In early 2020 the Florida Department of Highway Safety and Motor Vehicles (“DHSMV”) served Administrative Complaints against multiple motor vehicle dealerships related to alleged untimely submission of titling paperwork resulting from a motor vehicle transaction. As most dealers are aware, Florida law (Fla. Stat. § 320.23(6)(a) & (b)) requires a motor vehicle dealer to submit an application for certificate of title within 30 days after delivery of a vehicle to a customer and also requires that a dealer who acquires a trade-in vehicle from a customer to file a Notice of Sale with the DHSMV within 30 days of the transaction.
While a few instances of untimely title-work may seem fairly innocuous, failure of a dealer to comply with these requirements could carry significant consequences, including, revocation of a dealer’s license and large monetary fines. Section 320.27(9)(b)(6), Florida Statutes, allows the DHSMV to deny, suspend, or revoke any motor vehicle dealer’s license upon proof that a dealer has committed, with sufficient frequency so as to establish a pattern of wrongdoing, violations to include failure to apply for transfer of a title. The DHSMV is further authorized to impose and collect fines up to $1,000 per violation against any licensee if it is found to have violated the title transfer requirements.

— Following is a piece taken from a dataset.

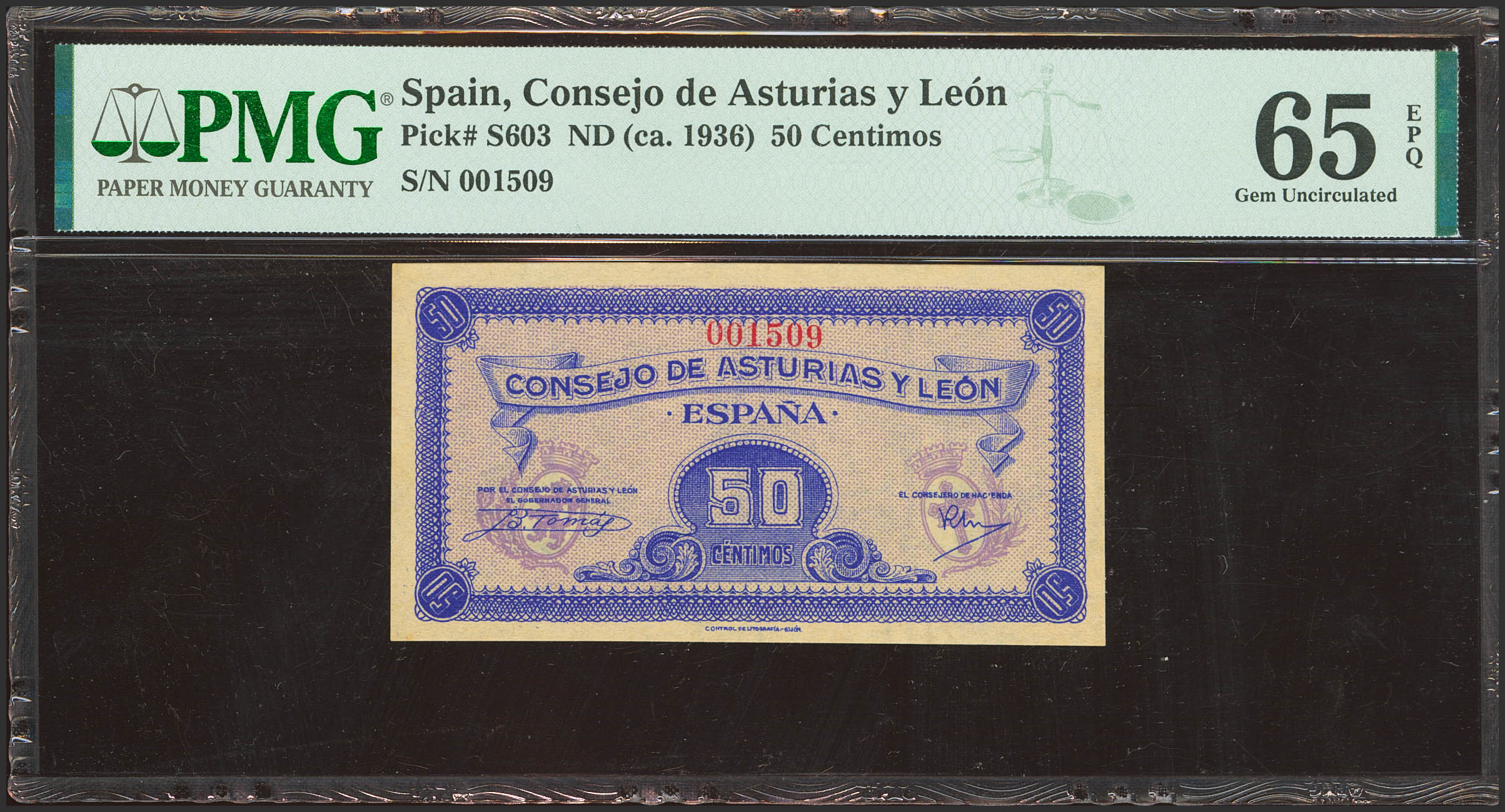 50 Céntimos. 1937. Asturias y León. Sin serie. (Edifil 2023: 396, Pick: S603). Rarísimo, especialmente en esta excepcional calidad, apresto original. SC. Encapsulado PMG65EPQ.

The Administrative Complaints served in early 2020 asserting titling violations appear to have been the result of a state-wide effort to audit dealership sales to evaluate titling compliance. While the DHSMV did not issue any Emergency Orders suspending or extending these statutory requirements as a result of COVID-19, it seems that the Department may have paused its efforts to enforce titling violations due to the impact of the Pandemic.
As we slowly progress back to something close to normalcy, it is important that dealers double-check that they are complying with titling requirements. If the Department begins to reinitiate its compliance enforcement efforts, non-compliant dealers can expect to receive Administrative Complaints asserting titling violations. If a dealer does receive an Administrative Complaint, it is imperative that a dealer immediately contact their dealer attorney. Failure by a dealer to respond and/or file a protest within 21 days of receiving the Administrative Complaint waives its right to dispute the factual claims of the Complaint. In effect, failure to respond allows the DHSMV to then issue a penalty of its own choosing against the dealer and strips the dealer of any right to dispute or appeal the decision. These penalties could be as high as a fine of $1,000 for each alleged titling violation, temporary suspension of the dealer’s license, or, at worst, the revocation of a dealer’s license.
As we entered the new year, dealers should re-evaluate their titling efforts to make sure that paperwork is being submitted with the 30 days deadline. If past-due submissions are still lingering, usually the result of customer non-responsive or failure to fully complete key documentation during the sale, it would be wise to make efforts to resolve these submissions so that no violations are present if/when the DSHMV reinitiates enforcement actions.
Any questions regarding these compliance obligations or strategy for responding to an administrative action should be directed to your dealer attorney.